African glory for Libyans who risked lives
Libyan footballers risked their lives this year to fulfil Africa Cup of Nations qualifying fixtures and were rewarded with a place at the 2012 tournament.
Tripoli-based stars drove to Tunisia and those living in Benghazi to Egypt while war raged between pro- and anti-Moamer Kadhafi forces for control of the oil-rich north African state.
Unpaid Brazilian coach Manuel Paqueta joined his constantly changing squad in neighbouring countries to prepare for 'home' matches staged by Mali and Egypt and away assignments on the Comoros Islands and in Zambia.
Libya, whose national team was once captained by a son of ousted dictator Kadhafi, won 'homes' games in Bamako and Cairo and drew away twice to claim one of two places reserved for the best group runners-up.
No one played a bigger role in the football fairytale than 39-year-old Samir Aboud, who displayed the agility of a goalkeeper half his age to defy Zambia in a stalemate that sealed Cup of Nations qualification for only the third time.
Botswana and Niger secured places at the biennial CAF football showpiece for the first time against massive odds while defending champions Egypt, Algeria, Cameroon, Nigeria and South Africa were shock casualties.
A stunning 1-0 triumph in Tunisia got Botswana off to a perfect start and they lost just once in eight games while a perfect home record enabled Niger to top a pool including South Africa, Sierra Leone and Egypt.
Chasing a record fourth consecutive title, Egypt relied too heavily on ageing icons like Essam El Hadary, Wael Gomaa and Mohamed Aboutreika and the lone win came when they were ditched in favour of under-23 stars at home to Niger.
Samuel Eto'o had a rare miss from the penalty spot as Cameroon took only one point off resurgent Senegal and finished a distant second while Nigeria failed after conceding a stoppage-time equaliser at home against Guinea.
South Africa became an African football laughing stock as they 'celebrated' qualification after a home draw with Sierra Leone, believing goal difference separated teams only to discover later that the head-to-head rule applied.

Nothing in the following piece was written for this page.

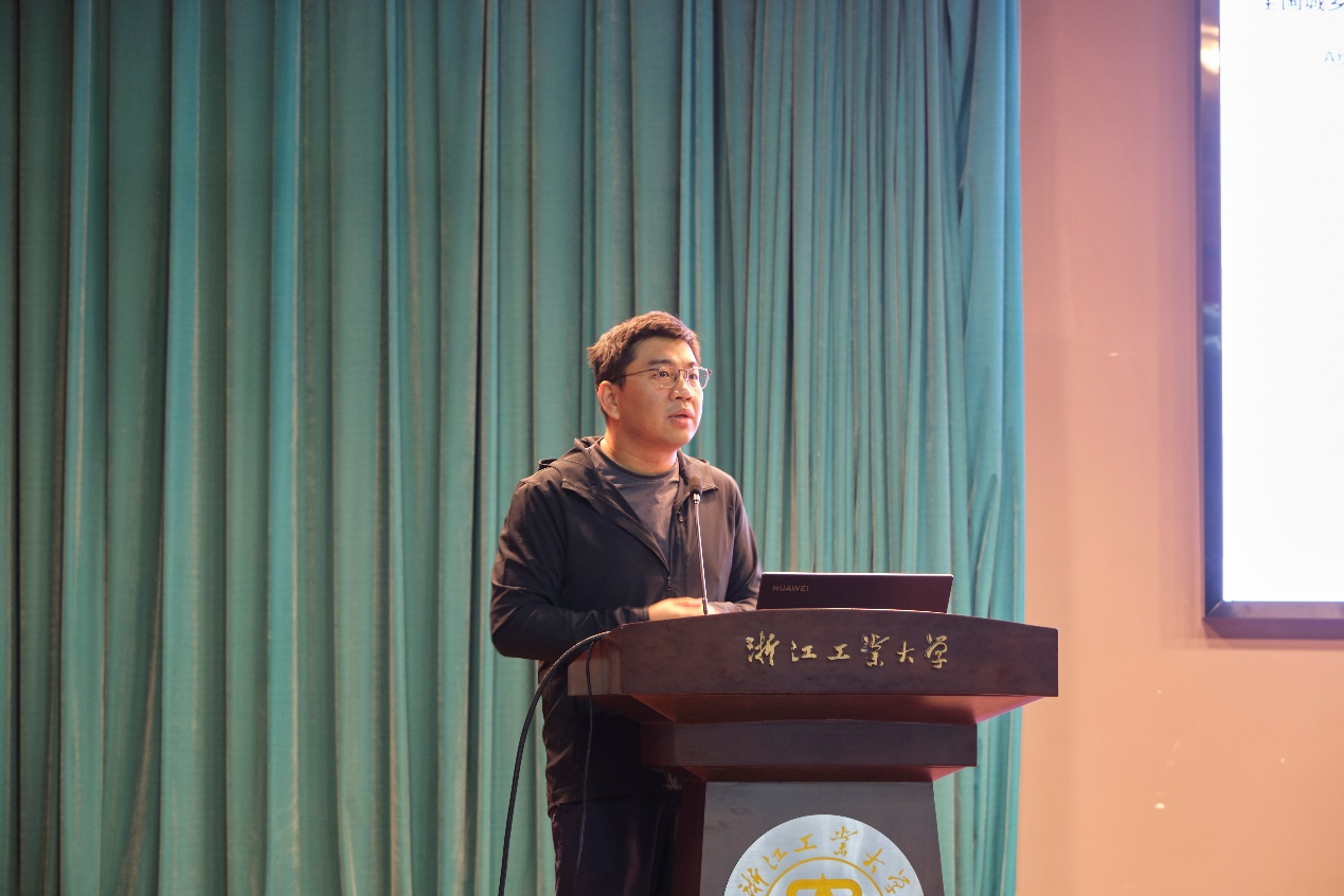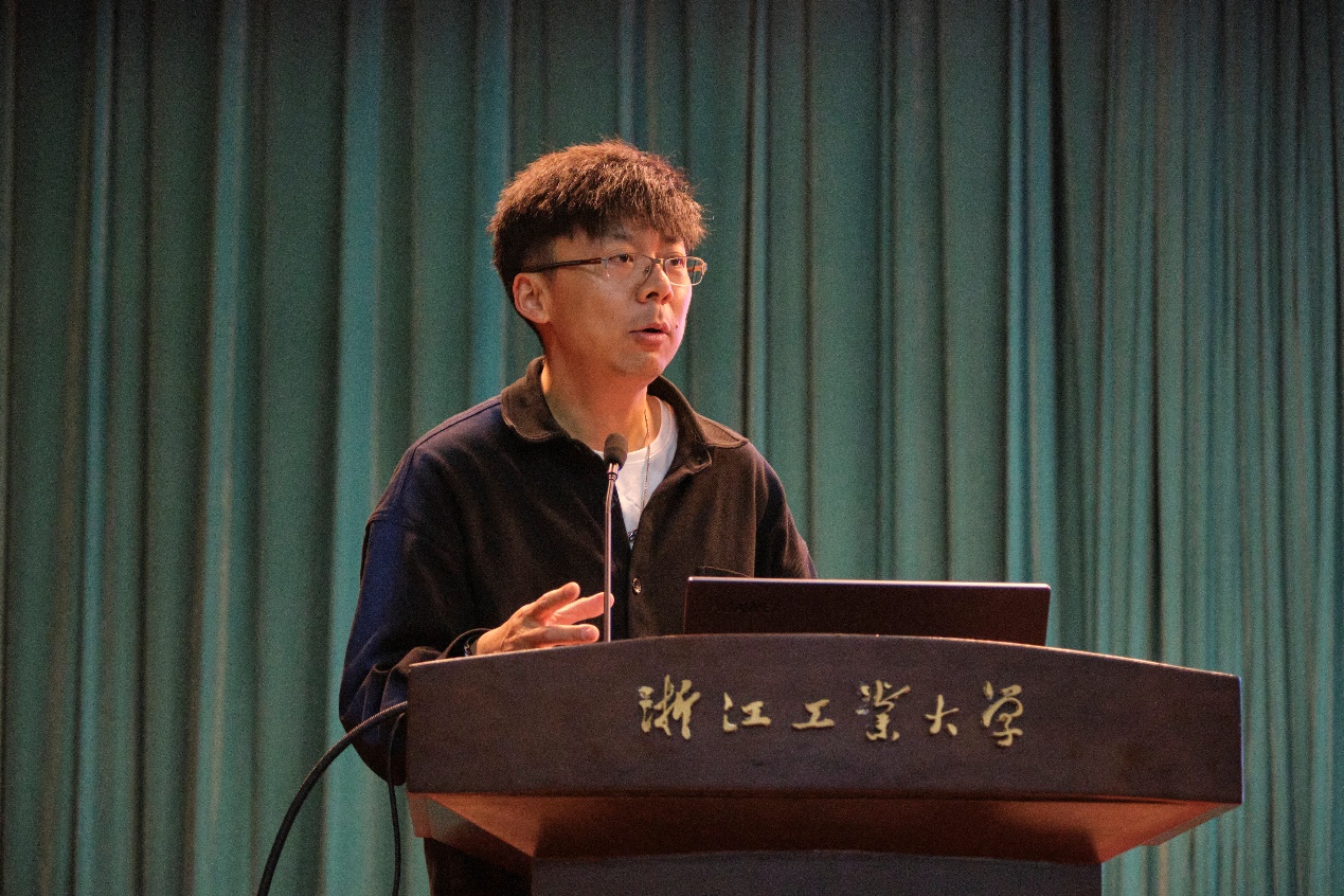 浙江工业大学设计与球盟会陈炜副经理致辞欢迎。陈经理希望同学们能在相互交流中增进了解,两个月后各位同学即将成为同行,甚至有可能成为同事,共同建设祖国,最后期待同学们能有出色的发挥。

Algeria were the fourth 2010 World Cup qualifier after Cameroon, Nigeria and hosts South Africa to miss out on the Cup of Nations after a terrible start saw them held by Tanzania and lose in the Central African Republic.
Ivory Coast emerged the most impressive qualifiers for the January 21-February 12 tournament in Gabon and Equatorial Guinea after winning all six mini-league games as Benin and Rwanda offered surprisingly feeble resistance.
The Ivorians topped the monthly FIFA rankings as the year drew to a close followed by Ghana, Algeria, Egypt, Nigeria, Senegal, Cameroon, South Africa, surprise side Cape Verde Islands and Tunisia.
A Tunisian revolution that ended with ruler Zine El Abidine Ben Ali fleeing to Saudi Arabia was followed by a home-based national side winning the second African Nations Championship thanks to a 3-0 hiding of Angola in Sudan.
Gabon were shock winners of the first CAF under-23 championship after beating hosts Morocco, Nigeria overcame Cameroon to claim the youth title and Burkina Faso turned party-poopers to defeat home side Rwanda for the junior crown.
Tunisia and Morocco supplied the four finalists in the CAF club competitions with Esperance edging Wydad Casablanca for the Champions League title and Moghreb Fes pipping Club Africain on penalties for the Confederation Cup.
Esperance talked big ahead of the FIFA Club World Cup in Japan only to finish sixth of seven starters followng losses to Qataris Al-Sadd and Mexicans Monterrey and their unruly supporters caused embarrassment in the stands.
Veteran Egypt midfielder Ahmed Hassan equalled the 178-cap record of retired Saudi Arabia goalkeeper Mohammed Al Deayea when he came on as a substitute against Brazil in Doha.
Most African football followers would instantly recognise Hassan, the swarthy 'general' in his mid-30s with movie-star looks, but the same cannot be said of Botswana striker Jerome Ramatlhakwane.
Despite little game time because of a dispute with his South African club, he rewarded the endless faith of national coach Stanley Tshosane by scoring five of the seven goals that propelled his country to the Cup of Nations.